The number of training times for interactive self-learning and evolution when the reward function value reaches 10 for each experimental environments in 4.1, 4.2 and 4.3 is shown in Table 5. Table 5 indicates the number of training times required for each curve to reach a reward function value of 10. From Table 5, it can be obtained that ISGE-NCE can improve the rate of convergence by more than 46.3% compared with no interactive self-learning and evolution under the same reward function value.
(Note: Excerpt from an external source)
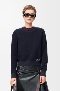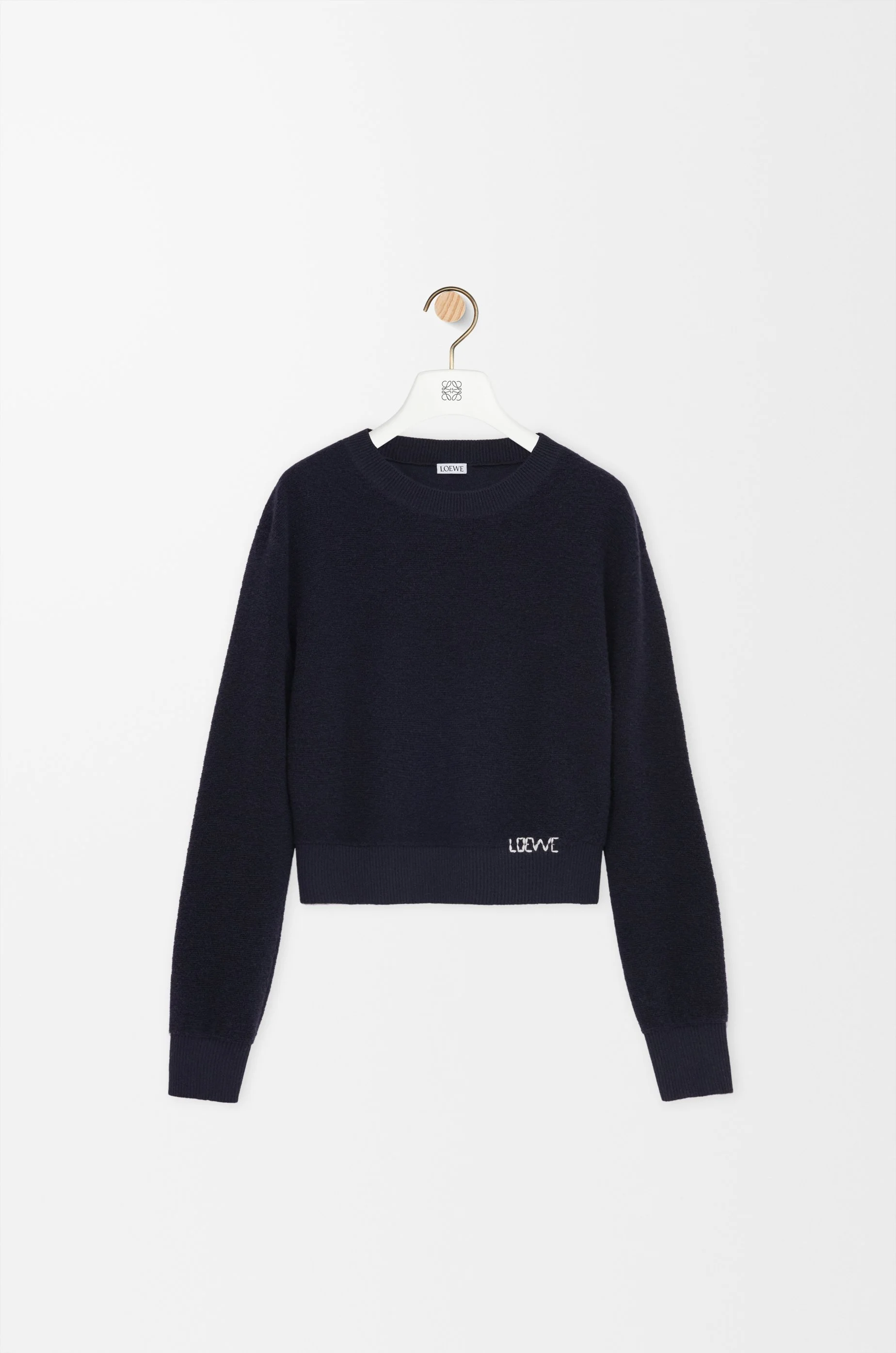 Sweater in medium-weight wool featuring a LOEWE hand-embroidery placed at the hem. - Regular fit, regular length - Round neck - Ribbed collar, cuffs and hem Colour: Navy Blue Main material: Wool Weight: 0.25 kg Made in: Italy
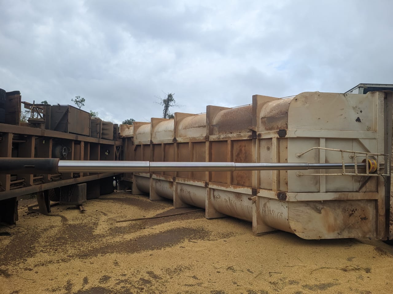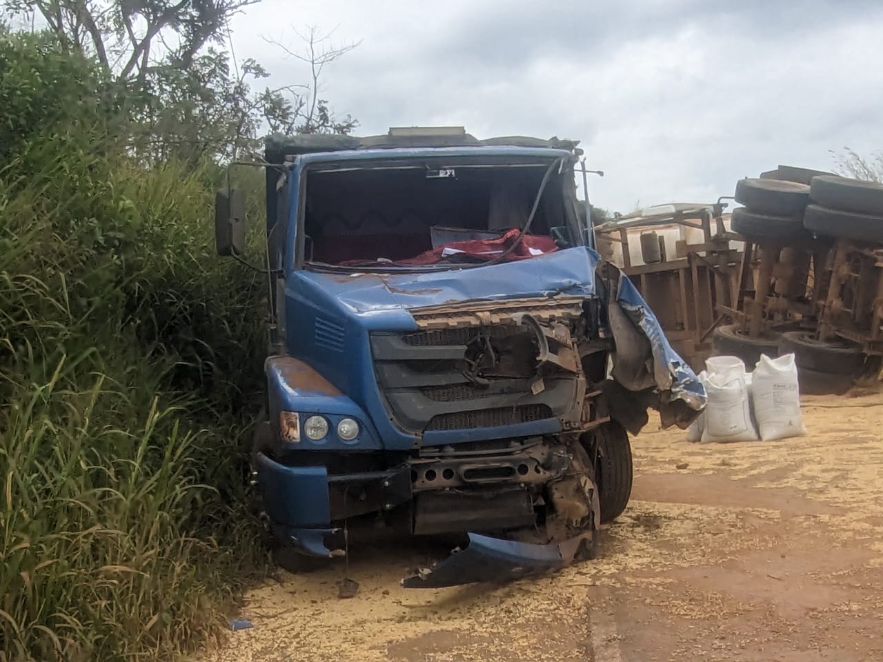 Na sequência, um terceiro veículo — um caminhão Mercedes-Benz Atron 2324, de cor azul — que vinha em sentido oposto, conseguiu evitar uma colisão direta com a caçamba solta, mas acabou atingindo o engate do dolly e ficou parado no local.

It further shows that introducing interactive learning framework into ISGE-NCE can reduce the time to reach non-cooperative equilibrium.
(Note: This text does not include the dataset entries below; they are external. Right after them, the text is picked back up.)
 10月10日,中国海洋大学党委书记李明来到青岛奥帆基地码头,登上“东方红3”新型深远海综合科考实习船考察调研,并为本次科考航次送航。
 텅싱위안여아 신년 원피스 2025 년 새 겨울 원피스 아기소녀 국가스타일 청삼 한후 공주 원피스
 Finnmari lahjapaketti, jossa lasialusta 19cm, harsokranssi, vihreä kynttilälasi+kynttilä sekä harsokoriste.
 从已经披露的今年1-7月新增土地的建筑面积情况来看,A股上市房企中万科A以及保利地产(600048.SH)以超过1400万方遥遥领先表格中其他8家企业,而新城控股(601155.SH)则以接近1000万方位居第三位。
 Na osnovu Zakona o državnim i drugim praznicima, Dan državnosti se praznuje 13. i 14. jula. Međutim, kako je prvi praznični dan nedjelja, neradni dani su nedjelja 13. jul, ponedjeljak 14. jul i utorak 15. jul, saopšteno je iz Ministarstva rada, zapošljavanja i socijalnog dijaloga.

4.4.3. Comparative Effectiveness with DDPG Learning Method

In order to verify the effectiveness of the non-cooperative equilibrium-based interactive self-learning and evolutionary methods, experiments were conducted using the DDPG learning method in three experimental environments introduced in Section 4.1, Section 4.2 and Section 4.3, and a comparison of the reward functions of the ISGE-NCE method and the DDPG learning method is shown in Figure 16. Based on the same reward model, the higher the reward value, the better the effect of detection and defense, which can reflect the better the performance of the method.
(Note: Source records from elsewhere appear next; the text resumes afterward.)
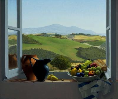 Mesmo assim, senti que aquele não era o meu campo. O único lugar onde descobri o "meu campo", foi da tua janela da cozinha, parecia uma visão, próxima deste excelente óleo de Amy Weiskopf...
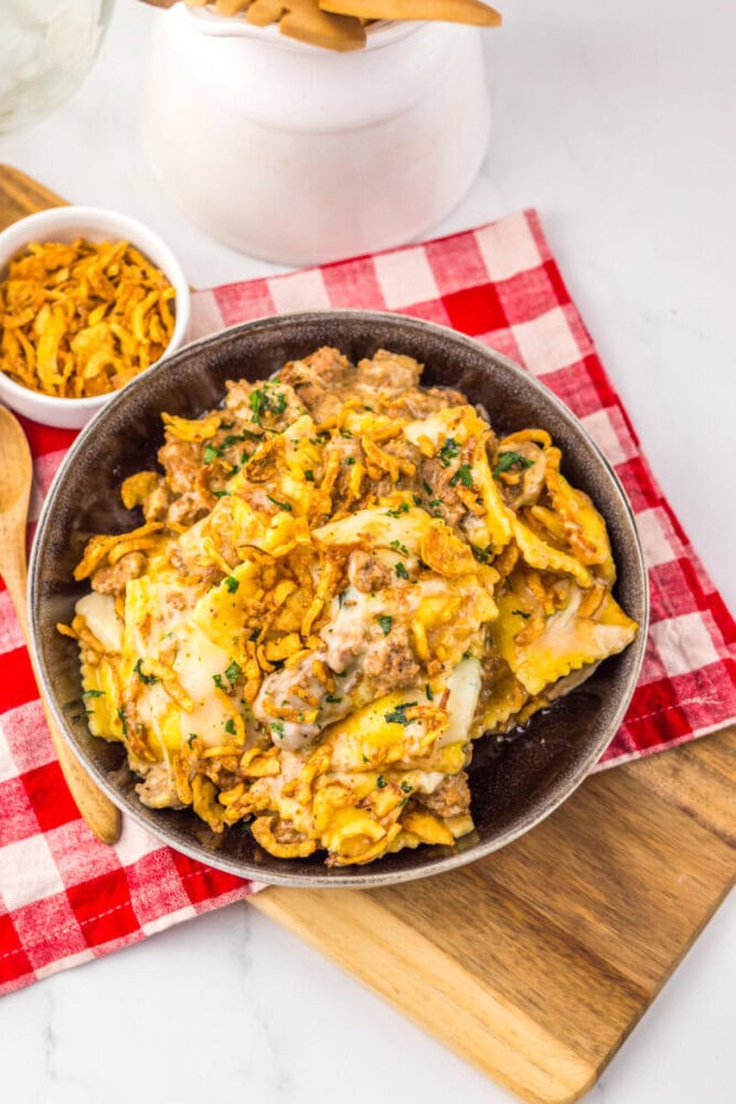 I usually start this one in the afternoon when the house is still buzzing. Kids doing homework, someone asking what is for dinner every ten minutes, and me pretending I do not hear it. By the time evening rolls around, the slow cooker has done the hard work. The beef is seasoned and tender, the onions have melted into the sauce, and all that is left is stirring in the ravioli and letting the cheese melt into a golden blanket on top.
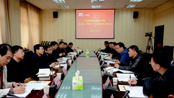 3月29日,西安航空學院黨委書記陳平社、校長曹慶年、副校長宋文學等一行9人來我校考察交流工作。校黨委書記龍治剛、校長范新會熱情接待了陳平社、曹慶年一行。
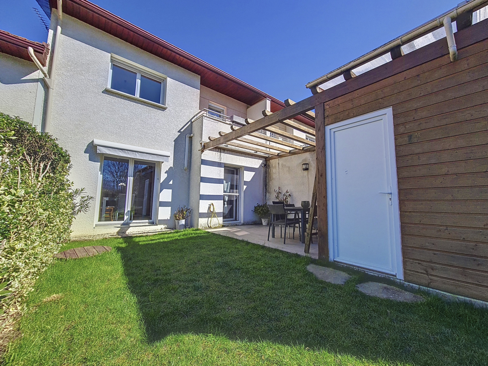 Lumineuse et fonctionnelle, elle se compose au RDC d'un hall d'entrée, d'une buanderie de 3m² avec rangements et lavabo, d'un wc séparé et d'une cuisine ouverte sur la salle à manger/séjour totalisant environ 30m² donnant sur le jardin qui comprend une terrasse de 12m² et un abri jardin.

As shown in Figure 16a, the reward obtained using our ISGE-NCE method is 71.88 when the training goes around 25,000 times in E1(the experimental environment condition in Section 4.1), and the non-cooperative equilibrium has been reached after nearly 17,500 times’ training. The reward by using the DDPG learning method is 50.12, and the equilibrium has not been reached by that time. This shows the ISGE-NCE method effectively improves the value of the reward function by more than 43.4% and converges faster. Additionally, as shown in Figure 16b, according to the results in E2, the reward using ISGE-NCE method is 42.2 while the reward using DDPG learning method is -0.6. It indicates that the reward is effectively improved by more than 50% by using our ISGE-NCE method compared with the DDPG learning method. Figure 16c shows that under the experimental environment conditions introduced in Section 4.3, the reward of ISGE-NCE method is 32.3 while the reward of DDPG learning method is 12.86. The reward is effectively improved by more than 20% by using our ISGE-NCE method. Lastly, when the number of agents is increased as explained in Section 4.2 and Section 4.3, since the DDPG is an individual learning method which is not suitable for complex multi-agent environments, the training capacity is significantly constrained although the convergence speed is fast.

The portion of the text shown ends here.